------ Input data ------

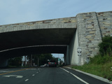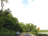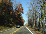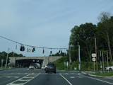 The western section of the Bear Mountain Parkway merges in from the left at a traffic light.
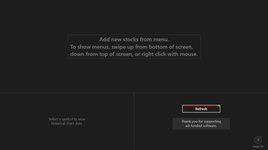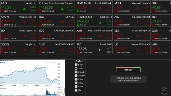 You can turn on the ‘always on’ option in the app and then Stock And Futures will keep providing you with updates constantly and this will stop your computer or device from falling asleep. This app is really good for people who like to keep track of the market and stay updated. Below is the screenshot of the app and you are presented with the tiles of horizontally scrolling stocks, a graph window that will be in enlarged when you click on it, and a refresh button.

------
------ Input data ------

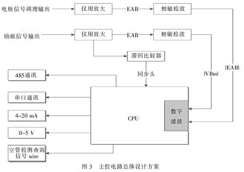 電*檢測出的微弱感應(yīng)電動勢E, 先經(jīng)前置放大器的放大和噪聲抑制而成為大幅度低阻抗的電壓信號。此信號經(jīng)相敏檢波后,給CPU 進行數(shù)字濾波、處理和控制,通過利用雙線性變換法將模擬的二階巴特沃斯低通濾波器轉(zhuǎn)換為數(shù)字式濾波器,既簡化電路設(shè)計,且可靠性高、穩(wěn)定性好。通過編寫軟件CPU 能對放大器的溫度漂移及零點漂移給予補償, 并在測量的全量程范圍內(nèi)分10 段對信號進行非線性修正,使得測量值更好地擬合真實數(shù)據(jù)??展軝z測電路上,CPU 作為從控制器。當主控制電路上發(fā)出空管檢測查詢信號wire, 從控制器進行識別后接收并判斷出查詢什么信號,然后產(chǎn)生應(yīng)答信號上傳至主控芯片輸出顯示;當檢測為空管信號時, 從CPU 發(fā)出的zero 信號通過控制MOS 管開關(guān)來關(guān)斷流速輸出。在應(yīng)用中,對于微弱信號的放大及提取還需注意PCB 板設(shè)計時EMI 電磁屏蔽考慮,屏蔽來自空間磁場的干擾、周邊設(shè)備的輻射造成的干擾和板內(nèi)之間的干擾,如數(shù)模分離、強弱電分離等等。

------
------ Input data ------

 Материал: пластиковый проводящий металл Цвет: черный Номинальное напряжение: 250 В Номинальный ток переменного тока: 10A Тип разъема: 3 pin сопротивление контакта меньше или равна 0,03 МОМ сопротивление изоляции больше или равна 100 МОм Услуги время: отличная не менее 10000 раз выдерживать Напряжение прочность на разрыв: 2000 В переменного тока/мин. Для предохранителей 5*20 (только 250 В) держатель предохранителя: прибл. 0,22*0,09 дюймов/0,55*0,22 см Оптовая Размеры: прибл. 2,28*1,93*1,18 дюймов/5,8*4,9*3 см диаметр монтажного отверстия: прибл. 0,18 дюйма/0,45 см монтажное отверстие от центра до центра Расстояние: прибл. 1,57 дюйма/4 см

------

- [Task details] Among the entries above, locate the line with "The western section" and the line with "You can turn". Give those two lines and all lines between them again, exactly, leaving out the pictures.

- [Written reply]
 The western section of the Bear Mountain Parkway merges in from the left at a traffic light.
 You can turn on the ‘always on’ option in the app and then Stock And Futures will keep providing you with updates constantly and this will stop your computer or device from falling asleep. This app is really good for people who like to keep track of the market and stay updated. Below is the screenshot of the app and you are presented with the tiles of horizontally scrolling stocks, a graph window that will be in enlarged when you click on it, and a refresh button.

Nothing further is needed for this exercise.